We can try to erase or subjugate them to the confines of indifferent memory rife with narrative familiarity but stripped of the feeling. God knows that’s what I’ve been trying to do yet each attempt is another tally in the record of daily seances of personal torture. I had been needing to write a poem for my grandmother’s funeral as there had been a memorial coming up in three weeks and I hadn’t gotten my shit together to send one along so my aunt could print it on a card, but I had no platitudes to give, no resuscitative incantations to pronounce. What could I possibly have given you but a fumbling for grace while trying to patch a bleeding heart? Why don’t you wake back up and tell me what it felt like to die? I know I’m just asking for an excuse for you to never die again ever at all.
I was writing from my usual place, Hotel Providence, my nerves jittery from the stress of concocting a poem out of thin air - what was there to say to save you? I impatiently sipped my café allongé as if I were waiting for somebody or something as if a drink could count as a person, if a ghost could inhabit one too.

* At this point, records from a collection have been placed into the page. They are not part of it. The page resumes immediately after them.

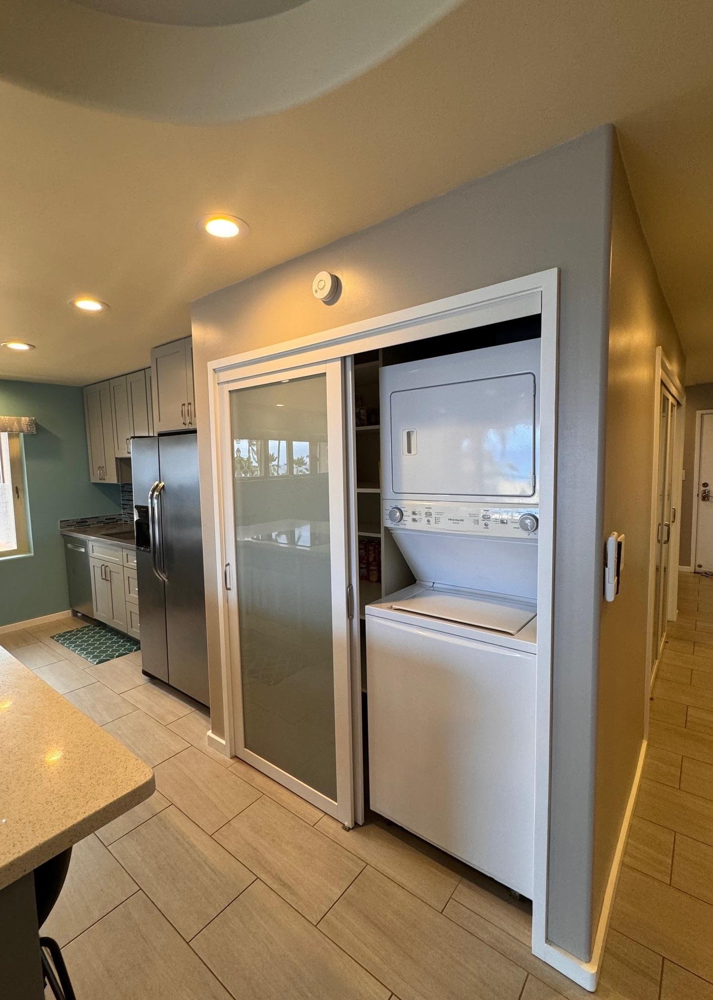 This condo was taken down to the studs and brilliantly remodeled in 2023 with full time living in mind. The Mahinahina Beach condos, with only 32 units, is the only oceanfront condominium complex that does NOT allow short term rentals in West Maui, creating a peaceful environment, ideal for seasonal or full-time living. This expansive 2 bedroom, 2 bath second story corner unit comes with panoramic ocean and outer island views. Enjoy spectacular year-round sunsets from the large 300 square foot living room style lanai. Access two reef bottom surf breaks directl from the property. This thoughtfully designed condo is complemented with a deeded garage parking space with an additional above ground parking spot. Complete with amenities such as your personal 7ft.x 10ft.x 12ft lockable storage room, bike storage, and a separate area for your kayaks and surfboards. An oceanside deck, swimming pool, hot tub, small gym, tiled outdoor shower and 2 nice poolside bathrooms makes this a perfect spot to embrace indoor and outdoor living. The curved sofited ceiling, tiled flooring, and sparkling quartz countertops creates a feeling of elegance while still maintaining that warm island feeling. The large island counter has a built-in wine fridge, oven, storage cabinets, and most importantly was purpose built to allow for four chairs to nicely fit underneath making a delightful dining area. Additional details include: Custom large pantry, closet organization systems, in unit W/D, all new in-unit plumbing, 3 room multi-zone mini split AC system, On-demand tankless hot water heater, and an added hallway closet. There are plans to enhance the appearance of the entire complex by installing new composite modern shakes and painting the exterior in the near future. This oceanfront condo lives like a home!
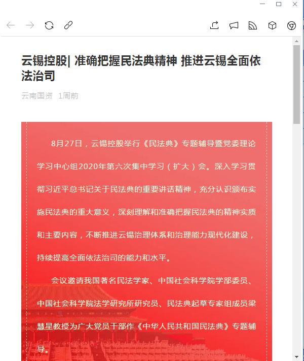 8月27日,云錫控股舉行《民法典》專題輔導(dǎo)暨黨委理論學(xué)習(xí)中心組2020年第六次集中學(xué)習(xí)(擴(kuò)大)會。深入學(xué)習(xí)貫徹習(xí)近平總書記關(guān)于民法典的重要講話精神,充分認(rèn)識頒布實(shí)施民法典的重大意義,深刻理解和準(zhǔn)確把握民法典的精神實(shí)質(zhì)和主要內(nèi)容,不斷推進(jìn)云錫治理體系和治理能力現(xiàn)代化建設(shè),持續(xù)提高全面依法治司的能力和水平。
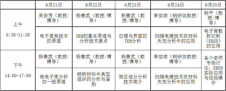 關于舉辦電鏡技術及應用培訓班的通知 ——北京科技大學材料分析測試系列培訓 主辦:北京科技大學、北京材料分析測試服務聯盟 承辦:北京科技大學分析檢驗中心、北京科技大學材料學院實驗中心 培訓時間:2010年6月21日-6月25日 培訓地點:北京科技大學 培訓專家組成員: 吳杏芳 教授、博士生導師,享受國務院的政府特殊津貼; 李世瓊 鋼鐵研究總院教授、博士生導師; 楊 平 教授、博士生導師,中國體視學學會材料科學分會秘書長; 楊善武 教授、博士生導師; 培訓目的: 本次培訓采取理論與實踐相結合的教學方式,系統介紹電子衍射及成像、電子顯微技術基本概念、原理和發展歷史,講解掃描電鏡技術及應用,全面講解電鏡技術在材料科學與工程實際中的應用,并通過參觀實習,使學員更加直觀、深刻的掌握電鏡技術。培訓后頒發培訓證書。 培訓日程安排: 培訓費用:1500元/人; 報名及聯系方式: 薛潤東 電話:62333470 E-mail:xrd@ustb.edu.cn 劉亞東 電話:62340208 E-mail:lyd@ustbtest.com 地 址:北京科技大學材料測試樓401室 北京科技大學分析檢驗中心
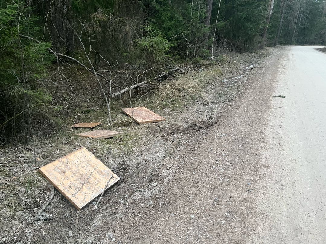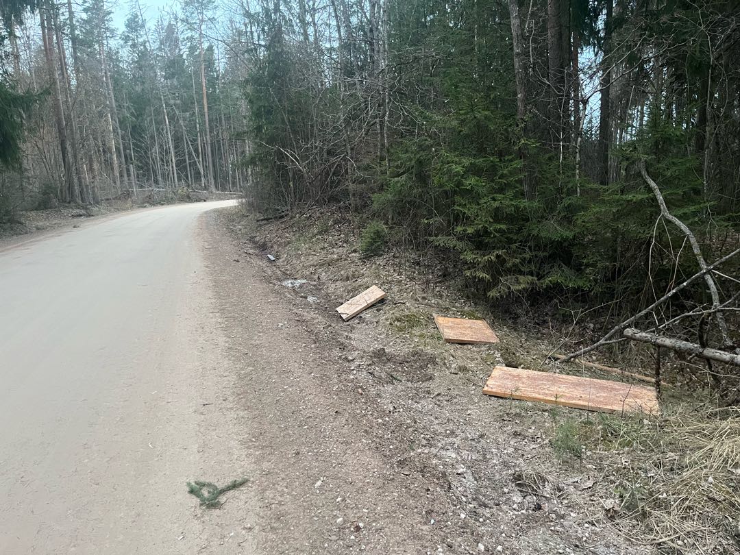 Mēbeļu detaļas ceļa malā.
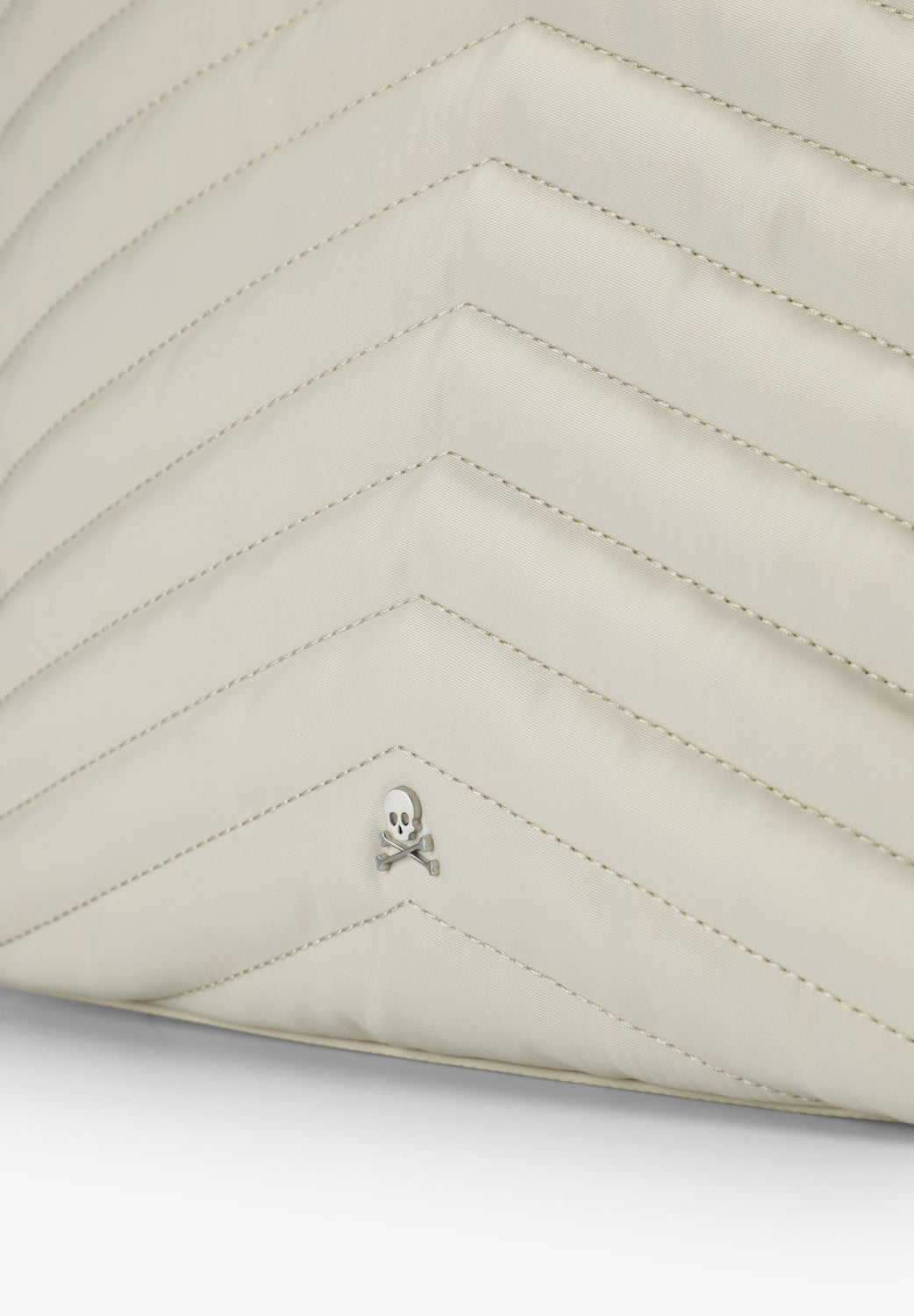 Quilted nylon tote bag. Double straps and zip fastening. Double inner pocket, one with zip. Metal skull on the front.
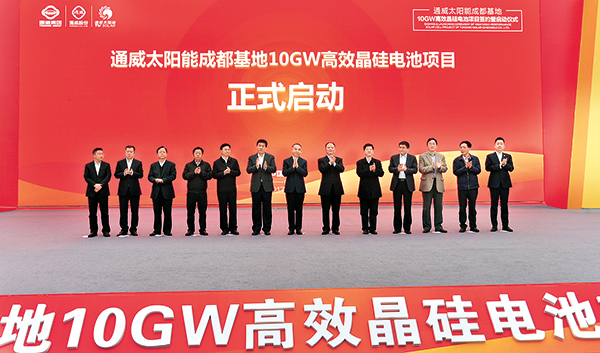 據了解,此次通威在成都、合肥兩地布局的20GW高效晶硅電池產能將以無人化生產線為主,建設智能化工廠、數字化車間、物流倉儲及相關配套設施,在成都和合肥兩個10GW的新項目各新增60條、共120條電池生產線。未來3-5年內,通威太陽能電池產能規模將超過30GW,銷售規模將超過300億元,成為全球最大、最具影響力的清潔能源公司,強勢助陣中國光伏產業發展。本次開工儀式吸引了新華社、人民網、四川日報、四川電視臺、華西都市報、成都日報、成都電視臺、成都商報、四川新聞網等20余家主流權威媒體深度聚焦。(詳細報道見《通威太陽能》專刊)
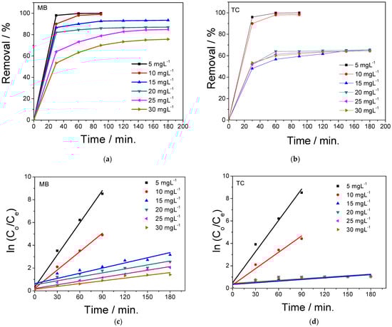 The duration of illumination was measured at different intervals, both in the absence of light and in the presence of light. The experiment involved using 0.02 g of film strips saturated with 50 mL of 20 mg L−1 MB dye or TC antibiotic solutions, with a solution pH of 7. The dark adsorption of MB and TC exhibited a positive correlation with time, as depicted in Figure 4a,b, and subsequently plateaued after 60 min.

What is a poem at the end of the day? I could write for hours, bromidic verse and inconsequential elegies that confirm I know my way around language but it wasn’t like there was any more of you here in the rest of this, these banal words and insufficient syllables wholly unsaturable with pure emotion. That’s all I have and I couldn’t put it to paper, not even if I tried, not even if I wanted to.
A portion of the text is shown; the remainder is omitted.